In March 2024, D'Adam and other soft-left Members of Parliament opposed new penalties and bail restrictions that target youth crime in the NSW Labor caucus.

==== Israel-Palestine ====
D'Adam is an advocate for the rights of Palestinian People within the Labor Party and NSW Parliament. During the 2021 Israel–Palestine crisis, D'Adam criticised the Israeli military and spoke in support of the Arab Australian Federation's Statement on Anti-Palestinianism.

Throughout the Israeli invasion of the Gaza Strip (2023–present), D'Adam has publicly called on the Israeli government and the international community to implement an "immediate ceasefire".

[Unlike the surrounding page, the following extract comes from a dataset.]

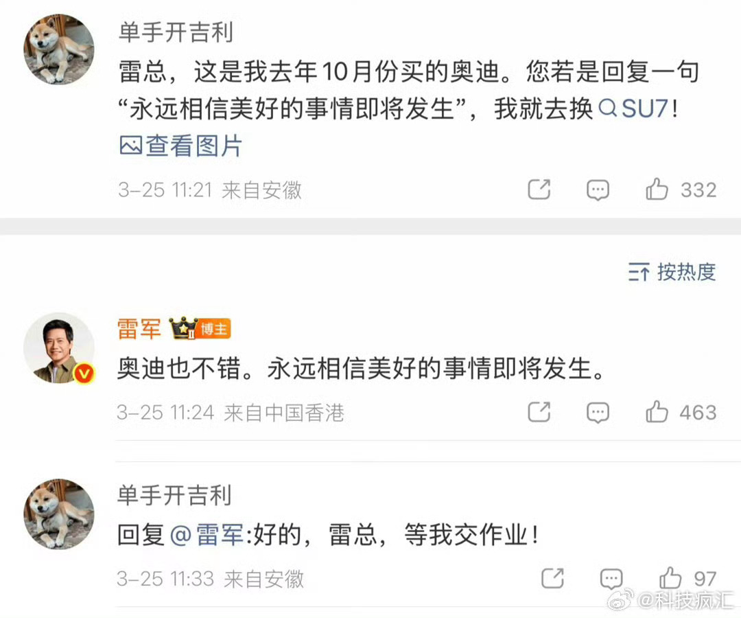 一位网友在雷总微博评论区留言,只要雷总回复一句“永远相信美好的事情即将发生”,他就马上奥迪换SU7!结果雷总真的回复了!坐等这位网友交作业!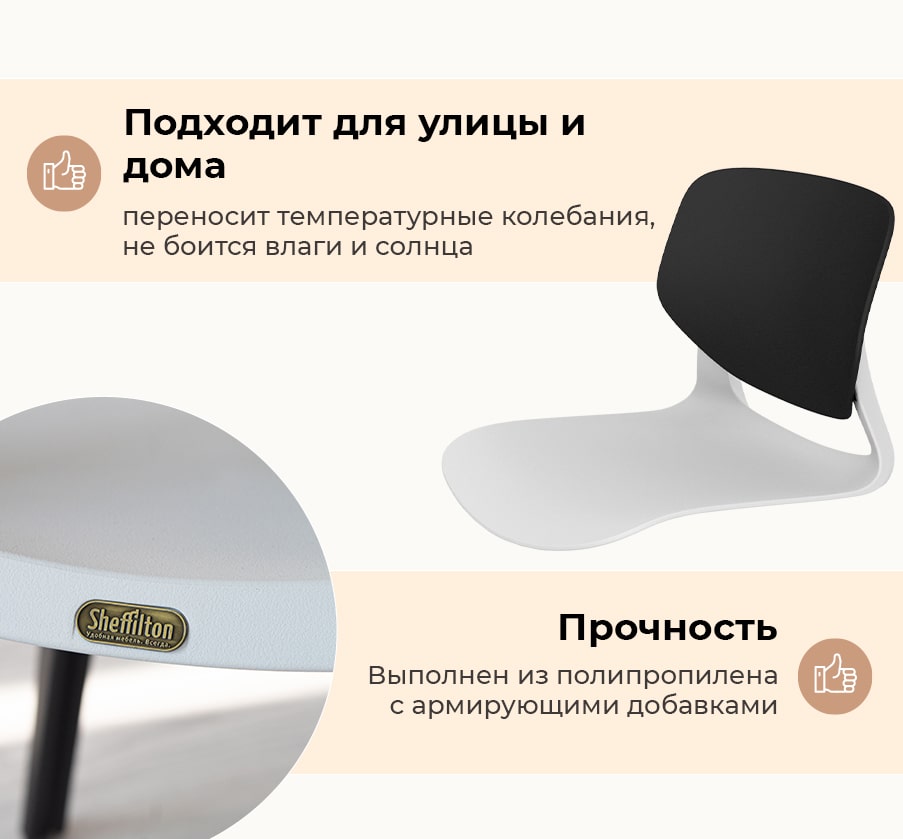 Сиденье выполнено из полипропилена с армирующими добавками, благодаря которым повышается жесткость и надежность. Изделие устойчиво к ударным воздействиям, а также негативным воздействиям окружающей среды и появлению царапин.

During his career in the Labor Party, D'Adam has supported structural reforms which prioritise rank-and-file democracy over "the centralisation of authority".

Prior to his election in 2019, D'Adam was a long-term member of the NSW Labor Administrative Committee. On 19 October 2023, D'Adam signed an open letter which condemned attacks against Israeli and Palestinian civilians. On 22 November 2023, D'Adam called on the Australian Government "to use its influence to end the Israeli occupation of Palestinian territory".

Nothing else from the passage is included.